De acordo com comunicado divulgado pelo infectologista Esper Kallás, principal pesquisador do estudo, a equipe de investigadores fez análises criteriosas sobre o ocorrido e também concluiu que o evento não está relacionado à vacina em teste. "Fomentar esse descrédito gratuito a troco de quê?", questionou o presidente do Butantã sobre a interrupção dos testes. "Mesmo com posse desses dados, a Anvisa nos avisou às 20h40, marcando uma reunião para hoje de manhã e avisando sobre a suspensão do estudo. É uma decisão que causa medo e incerteza."
"Nesse estudo clínico tivemos reações adversas, eu mesmo as apresentei, foram leves. Não tivemos nenhuma reação grave. Não tivemos e continuamos a não ter. E podemos ter eventos adversos na população do estudo. É um acontecimento, mas que não tem relação direta com a vacina. São mais de 10 mil pessoas em acompanhamento e podemos ter os eventos mais diversos possíveis", afirmou.
"É impossível que haja relacionamento desse evento com a vacina", frisou Covas. "O efeito de determinado medicamento no organismo tem um tempo até que ele possa agir. A partir de um determinado período, ele não tem mais efeito. O intervalo entre a tomada da suposta vacina, que pode ser placebo, e o evento foi maior do que três semanas", reforçou Gabbardo.
Após a medida da Anvisa, a Coronavac não pode mais ser aplicada em nenhum dos voluntários. A vacina, entretanto, continua sendo testada em outros países. Na Indonésia, a farmacêutica estatal Bio Farm afirmou que o imunizante seguirá na fase clínica de testes, que envolvem 1,6 mil pessoas na província de West Java.
Em comunicado divulgado nesta terça, a Sinovac diz que entrou em contato com o Butantã após descobrir sobre a suspensão dos testes pela imprensa. "O diretor do Instituto nos disse que acredita que esse evento adverso grave não tem relação com a vacina. A Sinovac vai continuar falando com o Brasil sobre o assunto. O estudo clínico no Brasil é feito de acordo com o padrão internacional de Boas Práticas Clínicas (GCP, na sigla em inglês) e estamos confiantes na segurança da vacina", afirmou.
A paralisação da Coronavac no Brasil foi celebrada por Jair Bolsonaro por meio de um comentário publicado em seu perfil oficial nas redes sociais. "Morte, invalidez, anomalia. Esta é a vacina que o Dória queria obrigar a todos os paulistanos tomá-la. O Presidente disse que a vacina jamais poderia ser obrigatória. Mais uma que Jair Bolsonaro ganha", publicou. Ainda não foi confirmado se o voluntário teria recebido placebo ou o imunizante.

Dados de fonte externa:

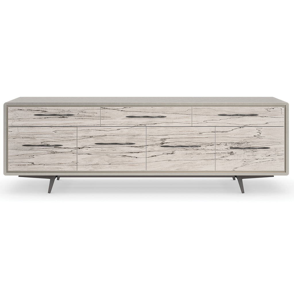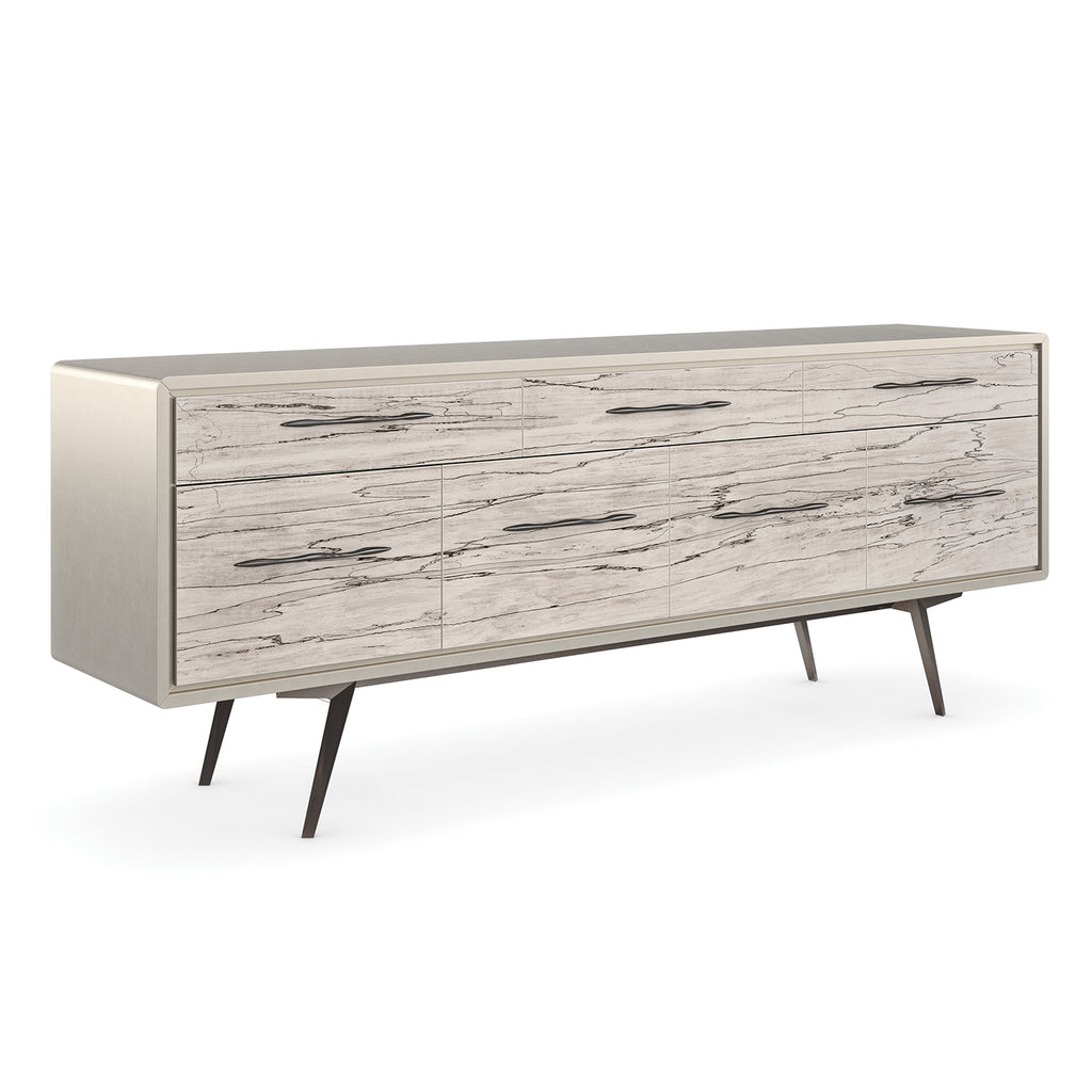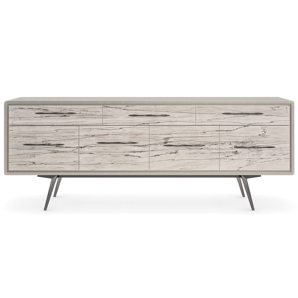 An artful interpretation of found beauty in the natural world, this clean-lined credenza brings a look of casual luxury to living interiors. Masterfully crafted with top drawer fronts and bottom doors in Snowcap Organic–our exclusive, bleached white printed spalted maple veneer–and encased in a Matte Pearl finish for a hint of shimmer. Custom hardware adds interest and emulates the marble-like veining of spalted maple. Features cutouts in the back for wire management, and adjustable metal legs that allow you to raise the height for a more traditional console, or lower it to accommodate media.

Desenvolvida pelo laboratório chinês Sinovac e produzida no Brasil pelo Instituto Butantã, a Coronavac já foi aplicada em mais de 10 mil voluntários pelo País. Sua suspensão foi anunciada no mesmo dia que o governador João Doria afirmou que o primeiro lote dos imunizantes chegaria a São Paulo no próximo dia 20.
Em dados divulgados no mês passado, o Butantã afirmou que a incidência de eventos adversos entre os voluntários foi de 35% ante pelo menos 70% nas outras vacinas testadas. A comparação foi feita com dados das pesquisas de outros quatro imunizantes em estudos: Moderna, Pfizer/BioNTech, Oxford/AstraZeneca e CanSino.
De acordo com especialistas, o registro de eventos adversos é comum nesta etapa de pesquisas de imunizantes, mas sempre precisam ser investigados para se determinar a origem do problema. A pesquisa da vacina da Universidade de Oxford, em parceria com a farmacêutica AstraZeneca, também teve os testes interrompidos pelo menos duas vezes por causa de efeitos adversos graves, mas os estudos foram retomados após análises de comitê independente de cientistas.